The Wallet That Couldn't Count: Scaling Transactions the Hard Way
How we went from race conditions to sub-millisecond wallet updates - a journey through mistakes, over-engineering, and finally letting the database do its job.
Our wallet system is fast, correct, and runs on a single PostgreSQL function that executes in under a millisecond. We're pretty proud of it.
But it didn't start that way. There's a special kind of dread that comes with realising your wallet system can't count. Not "off by a penny" can't count - "a client just made three purchases simultaneously and two of them went through on the same balance" can't count. You're running a cards platform. Money moves through your system. Real money. Client money.
We operate under the same constraints as a bank. If a client has £10,000 and spends £3,000, that balance had better be exactly £7,000. Not eventually. Not usually. Always. This is how we got there - and like the rest of our stack, the answer turned out to be the most boring one imaginable.
The Read-Update-Write
The simplest thing that could possibly work:
func (r *WalletRepo) Debit(ctx context.Context, walletID int64, amount decimal.Decimal) error {
tx, err := r.db.BeginTx(ctx, nil)
if err != nil {
return err
}
defer func() { _ = tx.Rollback() }()
var balance decimal.Decimal
err = tx.QueryRowContext(ctx,
"SELECT balance FROM wallets WHERE id = $1", walletID,
).Scan(&balance)
if err != nil {
return err
}
newBalance := balance.Sub(amount)
if newBalance.IsNegative() {
return errors.InsufficientFunds
}
_, err = tx.ExecContext(ctx,
"UPDATE wallets SET balance = $1 WHERE id = $2",
newBalance, walletID,
)
if err != nil {
return err
}
return tx.Commit()
}Shipped it. Worked beautifully in testing. Then traffic happened.

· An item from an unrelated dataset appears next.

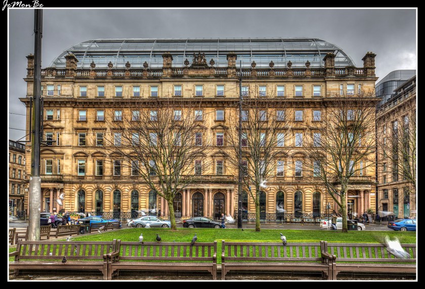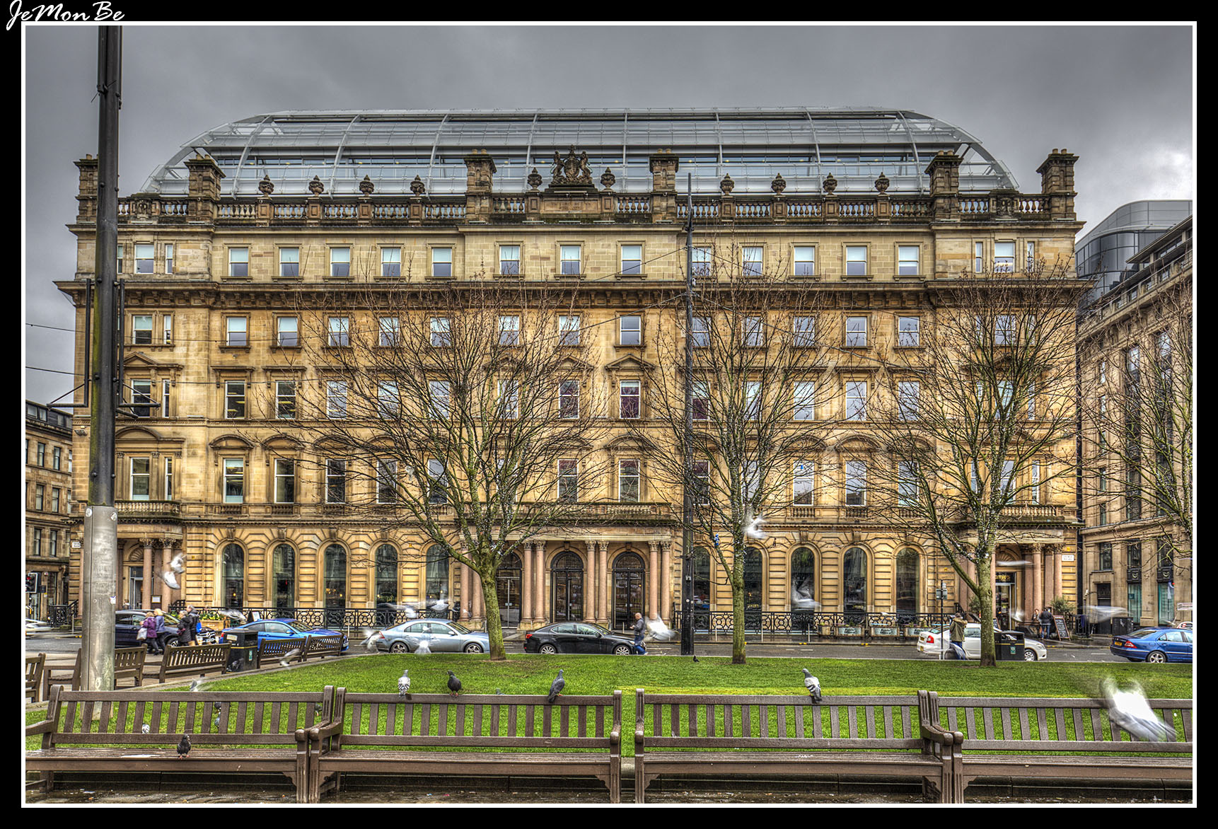 George Square es la plaza principal de Glasgow. Recibe su nombre del rey Jorge III. Trazada en 1781, George Square contiene en la actualidad el Ayuntamiento de Glasgow y una importante colección de estatuas y monumentos, el lado este de la plaza está dominado por el majestuoso Edificio del Ayuntamiento de Glasgow, que se inauguró en 1888. En el lado sur hay varios edificios, incluida la antigua General Post Office, construida en 1878, un edificio de oficinas de estilo Chicago que data de 1924 y la oficina de turismo principal de la ciudad.

Two requests arrive at the same time. Both start a transaction and read the balance as £10,000. Both subtract £3,000. Both write £7,000. The client spent £6,000 but was only charged £3,000. We'd invented a money printer.
What worked: Dead simple. Fast. Good enough at low concurrency.
What didn't: Fundamentally broken under concurrent load. No atomicity between the read and write - that gap is where money disappears. No audit trail either.
We needed a better solution. FAST!
The Append-Only Ledger
So we over-engineered it. Instead of a mutable balance, we'd keep an append-only ledger - every transaction gets a new row, and the balance is computed by reading every entry. We were emulating addAndGet of atomic operations at the application layer, with a full scan on every operation.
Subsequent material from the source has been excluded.